Word for word, output every line of the material below, minus pictures.

DATA:
********************

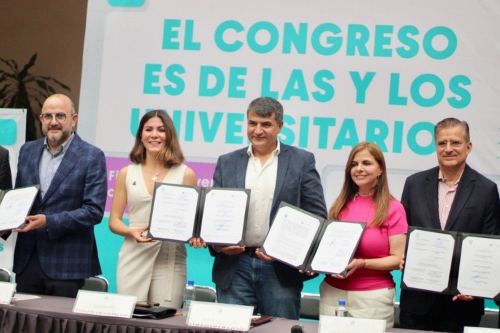 Diputados firmaron un convenio de colaboración entre el Congreso del Estado de Jalisco, la Universidad de Guadalajara (UdeG) y el Centro Universitario de Ciencias Económico Administrativas (CUCEA), con el objetivo de establecer programas de formación continua para los servidores públicos, generar espacios para que las y los alumnos realicen sus prácticas profesionales e intercambiar publicaciones académicas.Al respecto, la diputada y presidenta de la mesa directiva del Congreso de Jalisco, Mónica Paola Magaña Mendoza, quien además fue la promotora de la firma del convenio, habló de los retos que enfrenta el estado en la actualidad. Resaltó que, con la firma de este documento, “se crearán puentes sólidos entre la academia y el Congreso, lo que permitirá fortalecer el trabajo legislativo”.Por su parte, el legislador y presidente de la Junta de Coordinación Política, Miguel de la Rosa Figueroa, destacó que, en la pluralidad, se han encontrado coincidencias, como el hecho de que “a la Universidad de Guadalajara no se le puede escatimar ningún apoyo requerido en las decisiones del Congreso”.Además, el rector de CUCEA, Luis Gustavo Padilla Montes comentó que con dicho convenio se generará un nuevo modelo en el que las y los estudiantes puedan asistir al Poder Legislativo para realizar sus prácticas profesionales y desarrollar investigación temprana.De igual manera, la rectora electa de la UdeG, Karla Planter Pérez y el rector general de esta misma casa de estudios, Ricardo Villanueva Lomelí coincidieron en los beneficios que la firma del convenio traerá para ambas instituciones y puntualizaron que “se profundizará la relación con los representantes de los jaliscienses para el beneficio de todos”.Estuvieron presentes durante la firma los diputados Itzcóatl Tonatiuh Bravo Padilla, Sergio Miguel Castellanos, Valeria Guadalupe Ávila Gutiérrez, Edgar Enrique Velázquez González, José Guadalupe Buenrostro Martínez, Leonardo Almaguer Castañeda, José Luis Tostado Bastidas, César Octavio Madrigal Díaz, Alberto Alfaro García, Miguel de la Rosa Figueroa, Laura Gabriela Cárdenas Giménez, Alejandra Giadans Valenzuela y María del Refugio Camarena Jáuregui, así como Eduardo Fabián Martínez Lomelí, secretario general del Poder Legislativo.Finalmente, por parte de la Universidad de Guadalajara, asistieron Guillermo Gómez Mata, secretario general; Ana Alvarado Peña, jefa de Servicio Social, y Zoé García Romero, presidenta de la FEU.NA
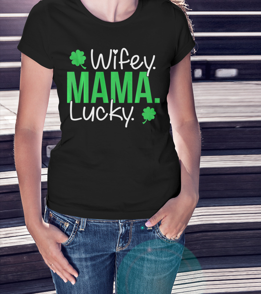Wifey Mama Lucky Mommy St Patrick's Day With Shamrocks T-Shirt
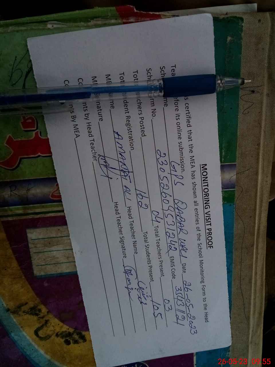 | Attendance Register | Head Teacher | MEA with School | Visit Proof |

********************

WRITTEN ANSWER:
 Diputados firmaron un convenio de colaboración entre el Congreso del Estado de Jalisco, la Universidad de Guadalajara (UdeG) y el Centro Universitario de Ciencias Económico Administrativas (CUCEA), con el objetivo de establecer programas de formación continua para los servidores públicos, generar espacios para que las y los alumnos realicen sus prácticas profesionales e intercambiar publicaciones académicas.Al respecto, la diputada y presidenta de la mesa directiva del Congreso de Jalisco, Mónica Paola Magaña Mendoza, quien además fue la promotora de la firma del convenio, habló de los retos que enfrenta el estado en la actualidad. Resaltó que, con la firma de este documento, “se crearán puentes sólidos entre la academia y el Congreso, lo que permitirá fortalecer el trabajo legislativo”.Por su parte, el legislador y presidente de la Junta de Coordinación Política, Miguel de la Rosa Figueroa, destacó que, en la pluralidad, se han encontrado coincidencias, como el hecho de que “a la Universidad de Guadalajara no se le puede escatimar ningún apoyo requerido en las decisiones del Congreso”.Además, el rector de CUCEA, Luis Gustavo Padilla Montes comentó que con dicho convenio se generará un nuevo modelo en el que las y los estudiantes puedan asistir al Poder Legislativo para realizar sus prácticas profesionales y desarrollar investigación temprana.De igual manera, la rectora electa de la UdeG, Karla Planter Pérez y el rector general de esta misma casa de estudios, Ricardo Villanueva Lomelí coincidieron en los beneficios que la firma del convenio traerá para ambas instituciones y puntualizaron que “se profundizará la relación con los representantes de los jaliscienses para el beneficio de todos”.Estuvieron presentes durante la firma los diputados Itzcóatl Tonatiuh Bravo Padilla, Sergio Miguel Castellanos, Valeria Guadalupe Ávila Gutiérrez, Edgar Enrique Velázquez González, José Guadalupe Buenrostro Martínez, Leonardo Almaguer Castañeda, José Luis Tostado Bastidas, César Octavio Madrigal Díaz, Alberto Alfaro García, Miguel de la Rosa Figueroa, Laura Gabriela Cárdenas Giménez, Alejandra Giadans Valenzuela y María del Refugio Camarena Jáuregui, así como Eduardo Fabián Martínez Lomelí, secretario general del Poder Legislativo.Finalmente, por parte de la Universidad de Guadalajara, asistieron Guillermo Gómez Mata, secretario general; Ana Alvarado Peña, jefa de Servicio Social, y Zoé García Romero, presidenta de la FEU.NA
Wifey Mama Lucky Mommy St Patrick's Day With Shamrocks T-Shirt
 | Attendance Register | Head Teacher | MEA with School | Visit Proof |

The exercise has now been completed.